Esta operación fue una de las múltiples medidas que la CIA llevó a cabo para superar culturalmente a la URSS. Entre las medidas estaba el Congreso por la Libertad Cultural, el cual estaba formado por intelectuales, escritores, historiadores, poetas y artistas, que promocionaban la cultura americana, y que en su mejor momento llegaron a tener oficinas en más de 35 países. También llegaron a realizar múltiples patrocinios y operaciones encubiertas, y contaban con un fuerte apoyo de Rockefeller, quien era uno de sus mayores partidarios del expresionismo abstracto.

Esta famosa corriente artística en la que se enfocaron y encargaron de meter en todos los aspectos que entran en lo cultural y artístico, fue aceptada y disfrutada por miles de estadounidenses. Sin embargo, con el tiempo se fue creando cierta resistencia ante este movimiento, ya que algunos opinaban que este arte moderno era lo contrario de representar al país como una democracia sofisticada con riqueza cultural y mentalidad abierta, sino que hasta desacreditaba esta imagen. Esta resistencia fue conocida como conservadurismo americano.

Mientras tanto, en la Unión Soviética estaba el arte realista en su máximo esplendor. Tras el exterminio de las Primaveras Vanguardistas Rusas, los artistas prefieren reflejar la “vida idílica del paraíso soviético”, en la que los protagonistas son los obreros y campesinos. Esta corriente pictórica e iconográfica representaba para la gente un escenario rígido y anticuado, que no había experimentado el desarrollo esperado. Es por esto que desde lo más alto de la jerarquía estadounidense, se toma la iniciativa de ir en contra de este movimiento, de aprovecharse de este. De demostrar que Estados Unidos y su ideología capitalista era lo opuesto; una sociedad moderna y abierta. Inclusive con libertad ideológica y flexibilidad, ya que aceptaban a algunos artistas que no apoyaban al capitalismo, pero tampoco al comunismo.

August Zamoyski (1893-1970) dijo “El arte es un modo de aprender aquello que de otro modo es imposible captar, que excede de la experiencia humana”. La fuerza e importancia del arte y los movimientos artísticos están sumamente subestimados. La gente considera que la economía, la política o la administración, son ciencias superiores a las artísticas. Esto lo hacen sin entender que lo artístico y cultural es esencial e indispensable, tanto la vida como nosotros mismos no somos nada sin el arte. Es una razón de ser, es algo que ilumina la vida durante tiempos fríos. ¿Qué mejor manera de llegar a la gente que con algo que está siempre presente en nuestras vidas? A través de la música, el cine, los museos, las fotografías, la literatura, los cuadros que uno tiene en su casa. Como dijo Zamoyski, el arte enseña todo aquello que no se logra aprender con la simple experiencia humana, y lo que Estados Unidos quería enseñar, era la nueva imagen de una potencia en crecimiento. Un país que hoy en día la mitad del mundo ve hacia arriba, pero que no indispensablemente sea esta imagen algo real o correcto. Siendo el arte tan subjetivo, el mensaje que uno recibe no es necesariamente un mensaje real, y el arte también puede ser usado para influenciar de manera controversial.

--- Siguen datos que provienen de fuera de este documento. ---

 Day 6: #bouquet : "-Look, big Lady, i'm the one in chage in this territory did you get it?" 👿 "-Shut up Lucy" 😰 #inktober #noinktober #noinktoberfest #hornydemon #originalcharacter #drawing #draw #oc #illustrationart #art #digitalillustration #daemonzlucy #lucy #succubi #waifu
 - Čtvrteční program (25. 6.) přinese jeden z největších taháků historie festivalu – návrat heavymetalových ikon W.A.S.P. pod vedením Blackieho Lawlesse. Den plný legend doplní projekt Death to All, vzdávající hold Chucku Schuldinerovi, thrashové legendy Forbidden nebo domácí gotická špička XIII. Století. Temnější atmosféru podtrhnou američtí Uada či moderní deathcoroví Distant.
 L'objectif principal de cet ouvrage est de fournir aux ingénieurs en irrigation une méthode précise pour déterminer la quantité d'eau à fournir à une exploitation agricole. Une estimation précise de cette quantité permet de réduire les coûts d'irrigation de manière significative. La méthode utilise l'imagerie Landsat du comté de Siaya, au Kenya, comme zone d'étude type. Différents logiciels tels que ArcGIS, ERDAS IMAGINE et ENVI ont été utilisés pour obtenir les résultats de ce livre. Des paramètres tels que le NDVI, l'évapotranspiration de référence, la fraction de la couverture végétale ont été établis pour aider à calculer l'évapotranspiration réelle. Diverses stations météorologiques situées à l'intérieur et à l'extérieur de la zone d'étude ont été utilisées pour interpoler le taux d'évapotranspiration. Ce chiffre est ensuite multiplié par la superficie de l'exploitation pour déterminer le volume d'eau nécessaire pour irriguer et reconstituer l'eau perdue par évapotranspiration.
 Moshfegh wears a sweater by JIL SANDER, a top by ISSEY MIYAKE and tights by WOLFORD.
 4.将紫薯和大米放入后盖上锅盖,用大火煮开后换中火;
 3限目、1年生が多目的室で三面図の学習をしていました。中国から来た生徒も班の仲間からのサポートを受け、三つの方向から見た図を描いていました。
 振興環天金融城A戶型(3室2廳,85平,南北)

La manera en la que el gobierno estadounidense a través de la CIA influyó en el arte fue una acción muy interesante e inteligente. El hecho de que invirtieran, apoyaran e impulsaran los campos culturales y artísticos es algo maravilloso, sin importar cual fuera su razón para hacerlo. Al final, los movimientos artísticos buscan mover gente y defender causas, y Estados Unidos tenía una muy clara. El hecho de que este fuera una de sus herramientas para defender su causa y propagar sus ideas capitalistas es algo válido. Sin embargo, la ideología y sistema estadounidense siempre actúa basado en sus propios intereses y beneficios, no en lo que es correcto, y es triste que utilizaran algo tan especial como el arte para reforzar este sistema.

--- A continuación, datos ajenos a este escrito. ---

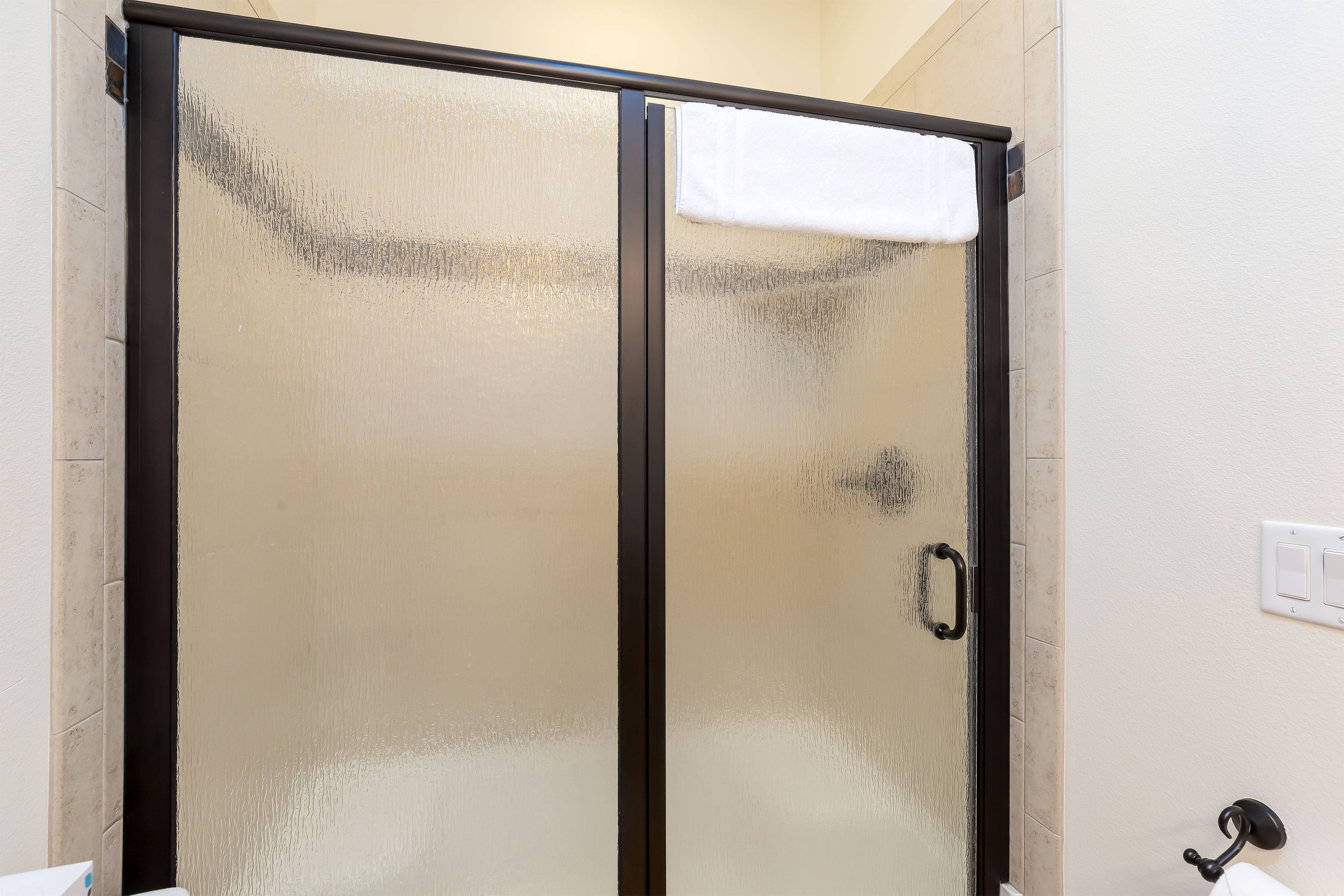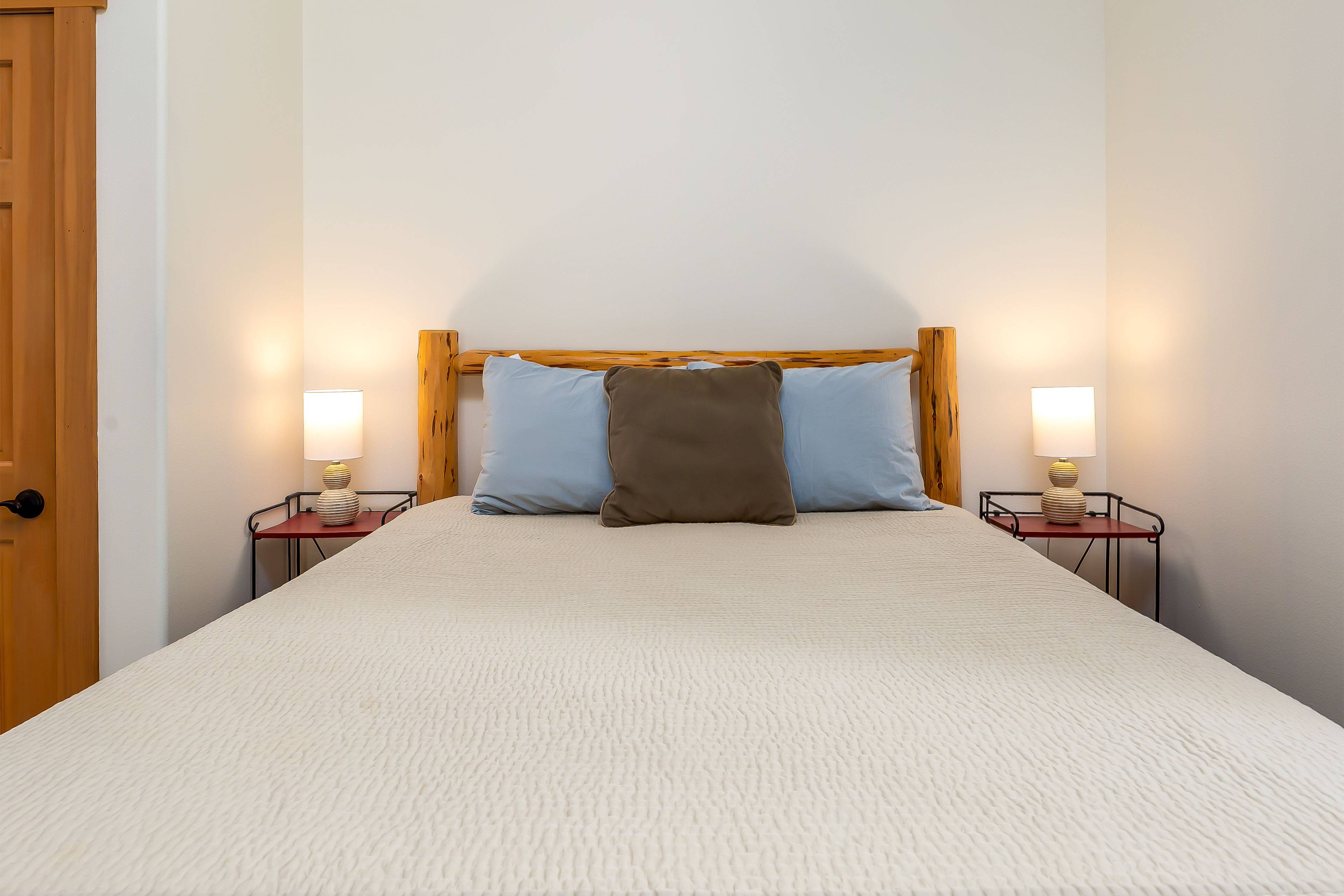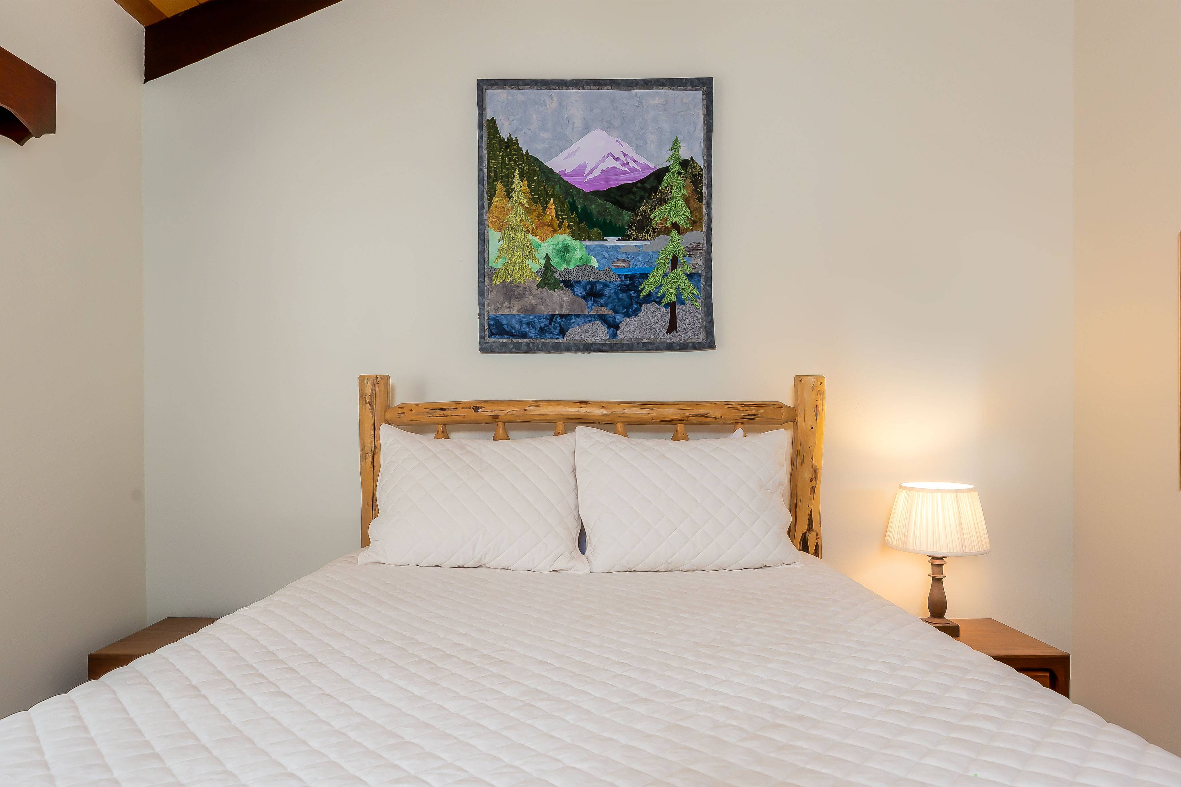 Inside, you'll find three thoughtfully designed bedrooms. The queen ensuite bedroom offers a private bathroom with a step-in shower. There's also a bunk room ideal for kids, with two sets of twin bunk beds. The second queen bedroom offers a serene space for a peaceful night’s sleep. Upstairs, the loft provides extra sleeping space with a queen bed and bunk beds, and a convenient bathroom with a walk-in shower.

Es verdad que Estados Unidos refleja una sociedad moderna y flexible, pero al recapitular todos los actos que llevaron a cabo durante la Guerra Fría, y continúa llevando a cabo en la actualidad, es más bien un Estado que representa poder, abuso e intereses propios, y que los esconde a través de una democracia e ideología flexible y abierta que son tan solo escenificadas mas no reales…tal como se hace con el arte.